I return to the table with the wine and the glasses, pop the cork and pour us both a glass of high-brow bubble water.
I hug and kiss Esme like I had just returned from a long, solo expedition.
“Esme, my darling. I’d like to propose a toast. First to us. Hа здоровый!”
“Cheers!” Esme replies.
“Secondly to Red, Dean Vermiculari, the quarry guys, Polack the Cop, and all the others that makes our life weird around here.”
“Seconded”, Es echoes.
“Finally: to Houston, Texas. Our new home!” I finally add.
The next morning, Dean Vermiculari peers over the top of his pince-nez glasses. He’s not looking overly happy with me right now.
“Why is it, Doctor, that everyone that receives the job of corporate liaison ends up going with corporate?” he asks.
“Perhaps it’s just the exposure to another world that exists beyond academia.” I reply, truthfully.
“Doctor Rocknocker,” the Dean gravely states, “I am not at all happy about your decision. We had great hopes for you here and you were riding right up the tenure track. Another five years and it would have been assured.”
“Five years is a long time, Dean”, I state the obvious.
“Yes, indeed.” The Dean replies frostily. “However, you are young. Perhaps you need to get this private sector nonsense out of your system, then you can return to academia where you belong.”
“Perhaps, perhaps”, I reply.
“Please, do consider this option down the road. You and your antics will be missed here, by students and faculty alike.” He says.
“I will, Dean, I promise.” I reply “However, for now, it’s time for my boot heels to be wanderin’.”
“Doctor, I will miss your strange and unique way of looking at life. I reluctantly accept your resignation at the end of the current semester and wish you all the best in your newest endeavors. Please remember us when corporate support for academia is mentioned in your new company.” he says.
“I promise you, Dean, I will not forget what I’ve learned here and what you’ve taught. It’s the least I can do,” I reply. “I will never forget my roots.”
“All I can ask”, he concludes. He stands to shake my hand. We shake and my audience is over.
I resign from the quarry a week later. They haven’t found a new blaster but wish me well on my new journey. I tell them I’m here until the end of the semester, so I won’t leave them high and dry.
I tell Polack the Cop about all the goings-on.

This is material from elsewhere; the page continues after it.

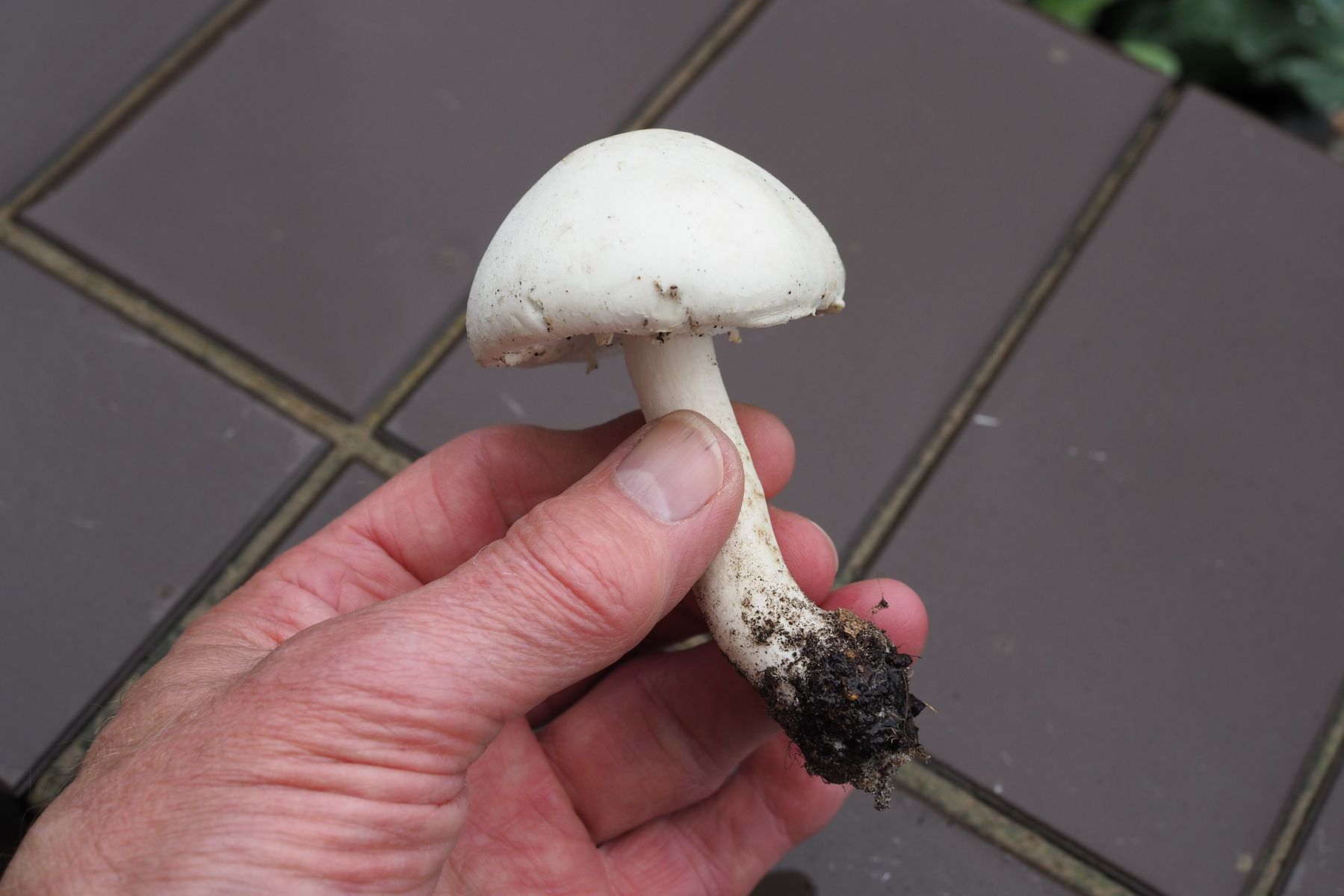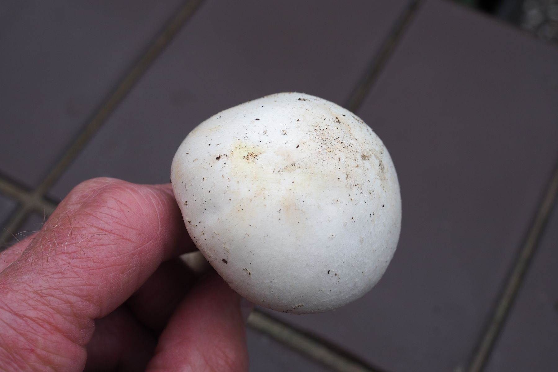 am 22. Juli habe ich auf dem Grasstreifen neben einem Wirtschaftsweg einen einzeln stehenden weißen Lamellenpilz gefunden. Als Begleitbäume kommen Eiche und Birke in Frage.

“Who the hell can I roust for beer and cigars now?” He whines. “Let me know when you get to Texas if they need any cops. I wouldn’t mind trying’ that. Hell, maybe a Texas Ranger!”
“A Cheesehead Ranger…?” I assure him I will and pass a box of cigars to him as a parting gift. He gives me a mayoral-signed get-out-of-jail-free card.
“Now you can drive that old Harley just as crazy as you want.” He chuckles.
“Thanks, Polack.” I say, shaking his hand. I didn’t have the heart to tell him I sold my bike a week earlier.
Red was very chuffed with the news.
“Snagged me a big one this time!’ He laughed, over the phone.
There was enough paperwork, considerations and decisions to be made to last the remaining time Esme and I had in-state until our move. Already, a moving company had arrived, done inventory, and was preparing for our move to Houston.
Esme resigned her position and decided she wanted to take some time off. She wanted to be a housewife, a colleague, and not have to work for once at an outside job. My new position allowed for that in spades. Besides with her credentials, anytime when she wants to re-join the workforce, there are myriad opportunities in the Bayou City.
We made the choice of housing out west of town, in Katy, Texas. We could have chosen Sugarland, Addicks, Greenspoint, Greenway, or the Memorial area. However, these west Houston company properties were closest to the job and largest in square footage.
My students got wind of my resignation and relocation. They threw me an unexpected farewell party at the Gast Haus. It was nickel-beer night and since they were footing the bill, it all worked out just fine.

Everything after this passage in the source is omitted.